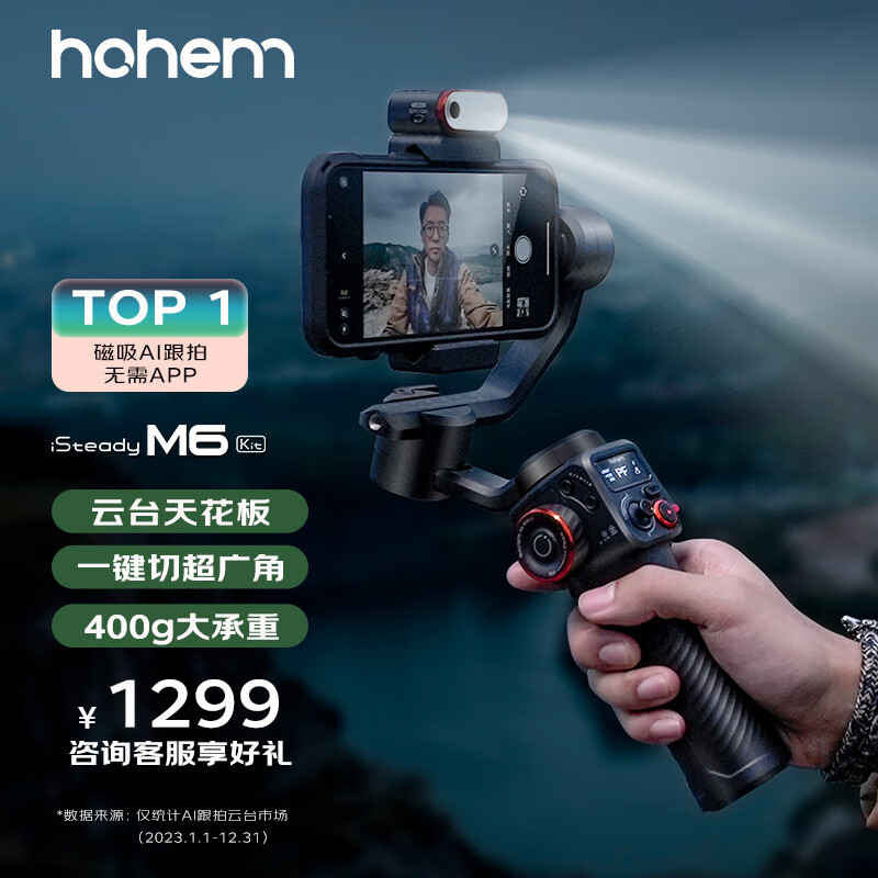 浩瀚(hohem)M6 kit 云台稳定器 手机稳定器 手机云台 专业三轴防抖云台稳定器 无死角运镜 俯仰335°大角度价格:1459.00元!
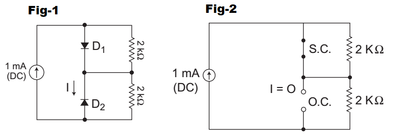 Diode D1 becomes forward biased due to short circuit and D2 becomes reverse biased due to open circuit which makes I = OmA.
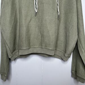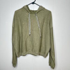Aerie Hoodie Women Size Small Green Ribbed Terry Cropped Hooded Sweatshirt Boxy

====

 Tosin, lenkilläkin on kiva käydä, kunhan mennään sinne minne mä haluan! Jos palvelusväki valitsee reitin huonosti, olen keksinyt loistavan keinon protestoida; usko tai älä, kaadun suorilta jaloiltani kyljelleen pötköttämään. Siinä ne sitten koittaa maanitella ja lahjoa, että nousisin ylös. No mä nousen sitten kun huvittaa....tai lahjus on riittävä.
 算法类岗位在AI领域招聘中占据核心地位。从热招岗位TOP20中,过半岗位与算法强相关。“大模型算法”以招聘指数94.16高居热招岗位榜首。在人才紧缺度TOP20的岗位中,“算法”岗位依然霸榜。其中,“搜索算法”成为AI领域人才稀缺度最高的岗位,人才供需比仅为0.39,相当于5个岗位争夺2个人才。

====

WORK TO BE COMPLETED ::
Please give back exactly the lines of this listing beginning at the line with "Tosin, lenkilläkin on" and ending with the line with "算法类岗位在AI领域招聘中占", both included, and nothing else.

RESULT OF THE EXERCISE ::
 Tosin, lenkilläkin on kiva käydä, kunhan mennään sinne minne mä haluan! Jos palvelusväki valitsee reitin huonosti, olen keksinyt loistavan keinon protestoida; usko tai älä, kaadun suorilta jaloiltani kyljelleen pötköttämään. Siinä ne sitten koittaa maanitella ja lahjoa, että nousisin ylös. No mä nousen sitten kun huvittaa....tai lahjus on riittävä.
 算法类岗位在AI领域招聘中占据核心地位。从热招岗位TOP20中,过半岗位与算法强相关。“大模型算法”以招聘指数94.16高居热招岗位榜首。在人才紧缺度TOP20的岗位中,“算法”岗位依然霸榜。其中,“搜索算法”成为AI领域人才稀缺度最高的岗位,人才供需比仅为0.39,相当于5个岗位争夺2个人才。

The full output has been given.